Forgoing tactile, interactive activities for electronic entertainment might be the easier route when raising children, but it’s not the wisest. Too much time playing with gadgets can interfere with adolescents’ speech and language development, as well as lead to obesity.
Who would have thought that an object created out of necessity more than 200 years ago would become the choice gift for kids centuries later? Apparently, quite a few people.
The creators of Nickelodeon’s Rugrats certainly knew that kids loved boxes. They created a number of episodes centered around the humble object, including one from the second season called "The Box" that first aired in 1993.
In it, the babies get hold of a large cardboard box (that used to contain a play set called the Kiddie Carnival that Tommy's dad Stu spends the entirety of the episode building).
Like an empty canvas, the box inspires a number of vivid make-believe games amongst the kids. Chuckie imagines it as an airplane. Tommy envisions himself dancing by a campfire in a jungle. The twins engage in a sword fight using ripped off pieces from the box.
"You dumb babies! It's just a stupid BOX!" Angelica shrieks at them later in the episode. She doesn't understand how they can be so entranced by such a simple object. She obviously doesn't get "it."

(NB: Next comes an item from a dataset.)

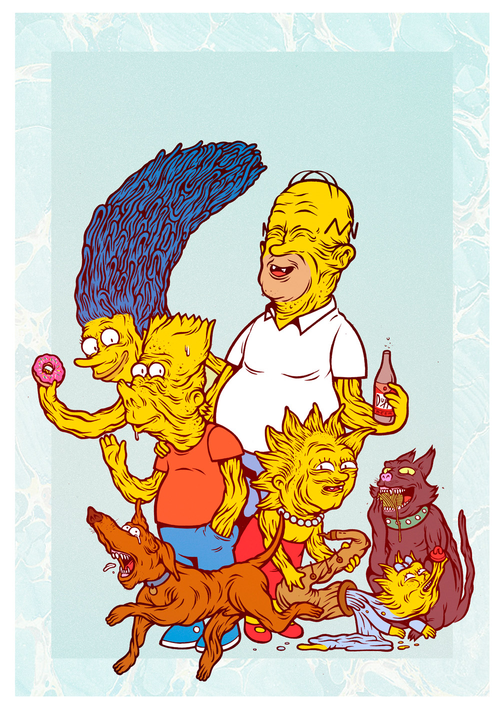 El primer día fue definitivo. Manuel Donada, fundador de la galería de arte Watdafac, encendió la tele y encontró una serie desconocida de personajes amarillos. Eran las 11 de la noche. Un día cualquiera sin fecha en la memoria. Aunque “desde ese momento, me quedé enganchado”, cuenta el dibujante. “Nunca pensé que se podría superar a los clásicos y que algo volvería a sorprenderme, pero me equivoqué. Llegaron Los Simpsons y lo descoloraron todo. Siempre me han hecho reír muchísimo. El dibujo es sencillo y eso es algo que me fascina. Cuatro líneas bien puestas que te cambian la vida”.
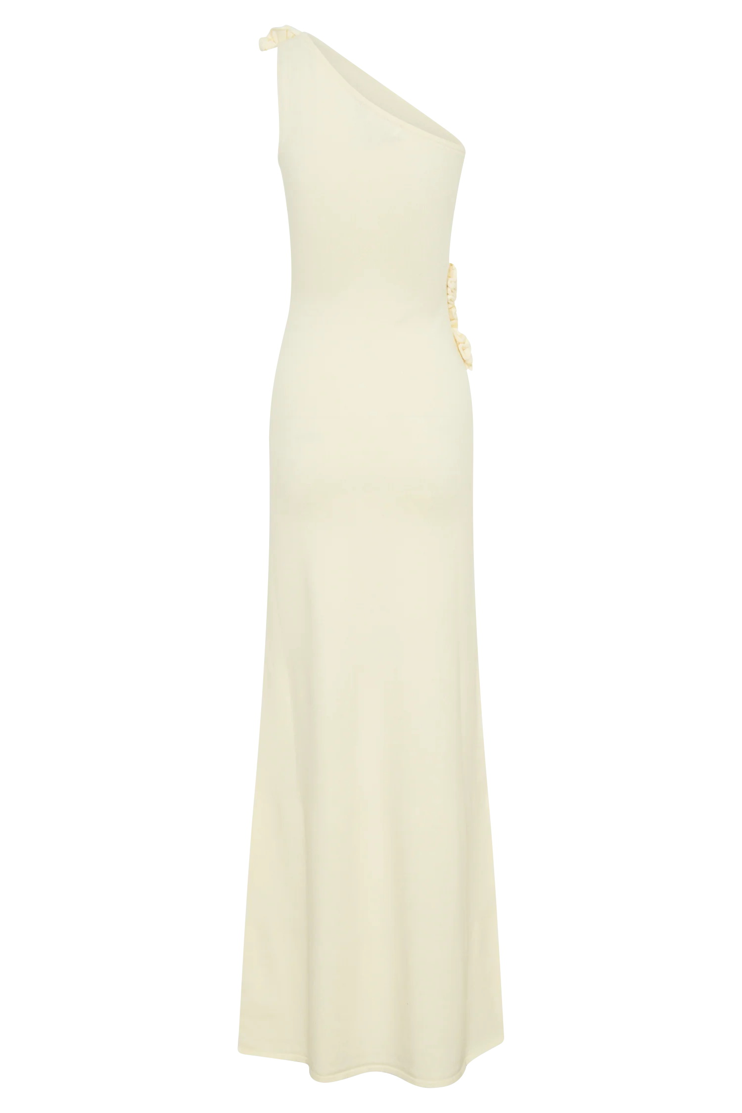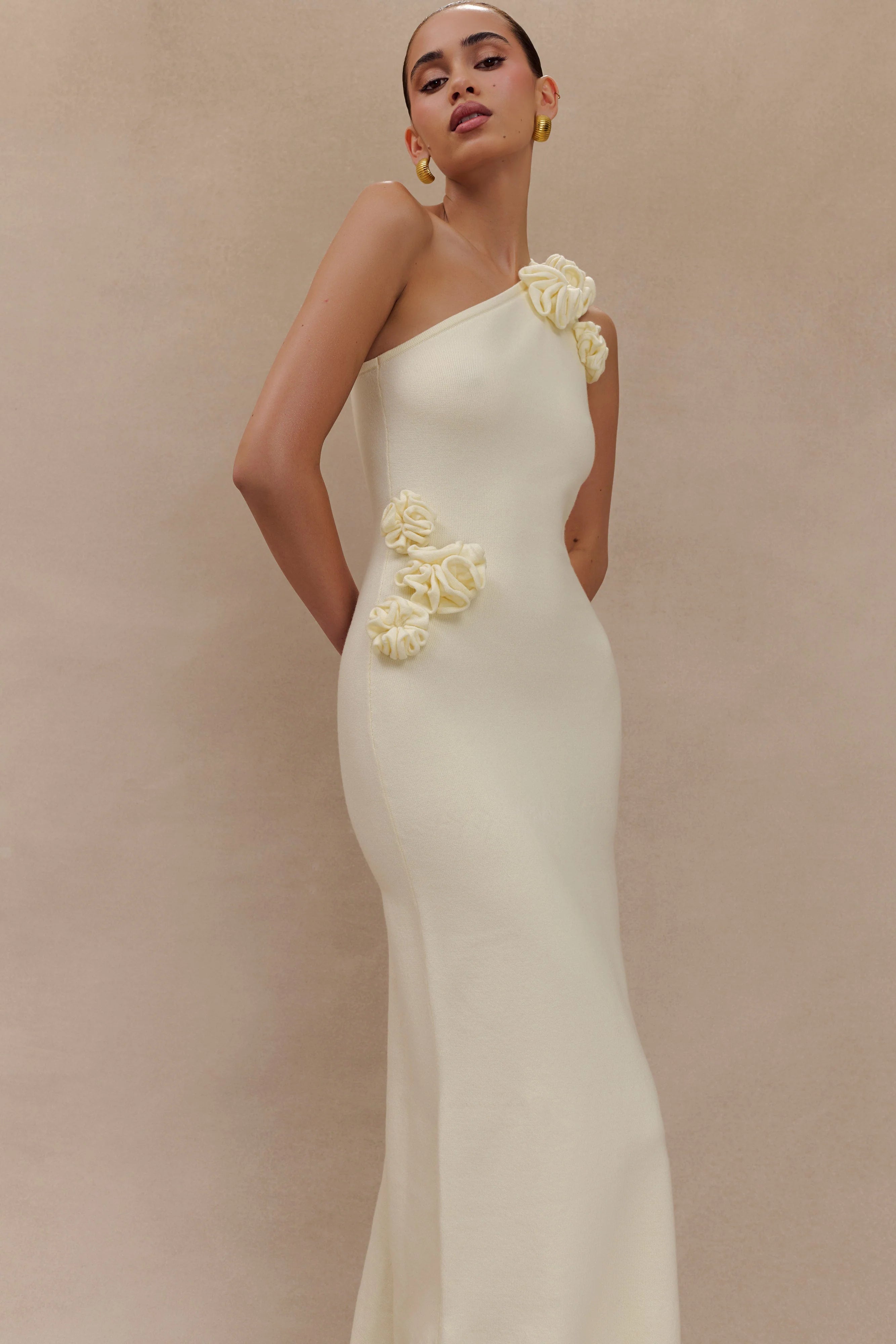 Make a statement in the PALOMA One Shoulder Knit Maxi Dress with Flowers, where elegance meets modern design. This stunning piece features an asymmetrical neckline that beautifully highlights the shoulder while offering a distinctive silhouette. Delicate flower details at the shoulder and hip add a feminine touch, ensuring you turn heads at any event. The flowing maxi length and flattering fishtail hem create graceful movement, enhancing your natural curves. Crafted from soft, unlined knit fabrication, this dress promises both comfort and style, making it an essential addition to your wardrobe.

But other pop culture icons do. Sponge Bob once ordered a large television just so that he could play with the box it came in. Andy Samberg and Justin Timberlake revolutionized the multivalent uses of a box with their Emmy award-winning 2009 song, "Dick in a Box."

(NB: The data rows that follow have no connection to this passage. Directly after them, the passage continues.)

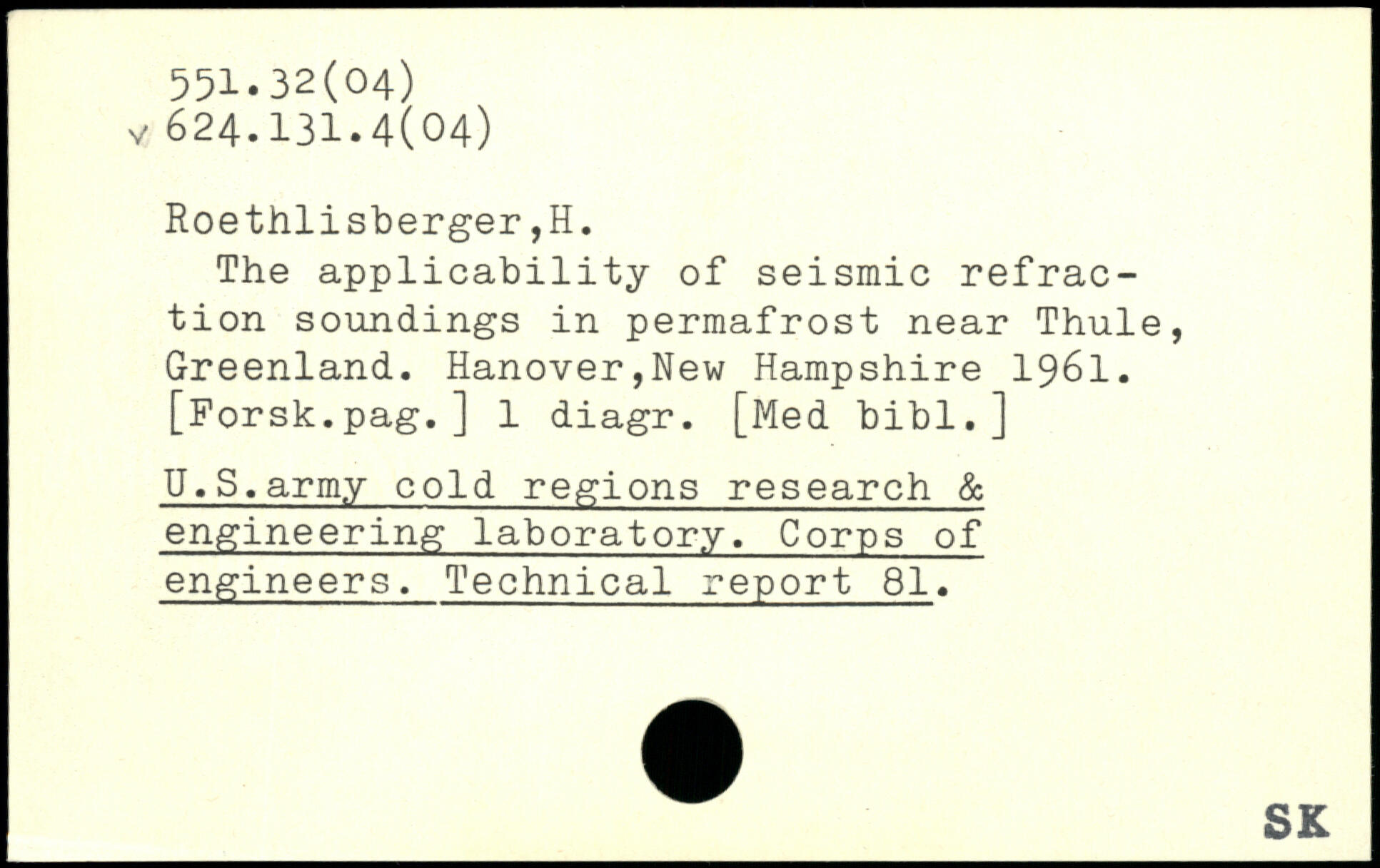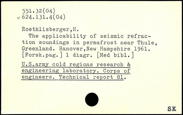 The applicability of seismic refraction soundings in permafrost near Thule, Greenland. Hanover,New Hampshire 1961. [Forsk.pag.] 1 diagr. [Med bibl.] U.S.army cold regions research & engineering laboratory. Corps of engineers. Technical report 81.
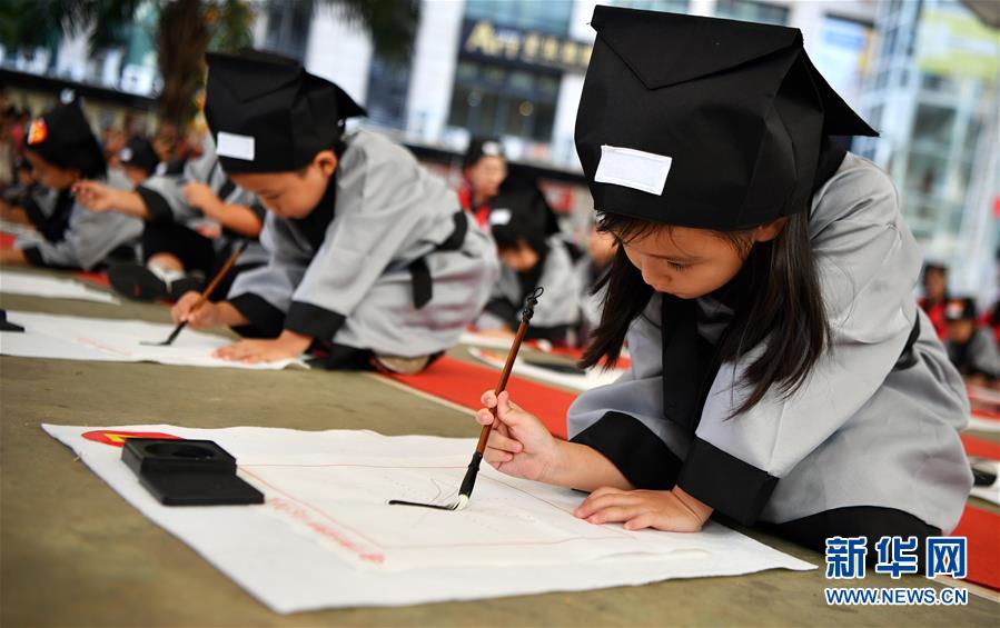 10月13日,參加儀式的小朋友在書寫“人”字。當(dāng)日,海口胡畫少兒藝術(shù)中心為500名小朋友舉行“開筆禮”,通過“點(diǎn)朱砂,啟智慧”“習(xí)書法,描人字”等儀式讓孩子們體驗(yàn)中國傳統(tǒng)文化。新華社記者郭程攝
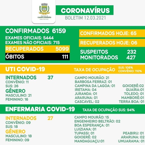 Mais três moradores de Campo Mourão morreram de covid-19 nas últimas horas. Idades: 48, 51 e 55 anos. A sexta-feira teve mais 65 casos confirmados e o total de mourãoenses com vírus ativo subiu para 949. Na UTI mais um recorde, com 37 internados. O índice de ocupação foi a 108% no SUS e 110% nos convênios.
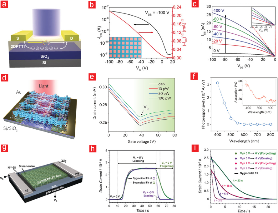 图6. 2D COFs的电学应用,包括场效应晶体管,光探测器,记忆器件等.

And who could forget Playhouse Disney's 1998 children's show, Out of the Box?
The entire focal point of that series revolved around the magical shenanigans that went on inside of a playhouse constructed entirely out of boxes.
So this holiday season, save yourself some money and give the gift of a box.
Just make sure it's really big and that the person you're giving it to is under the age of 5. Any older and they'll just resent you.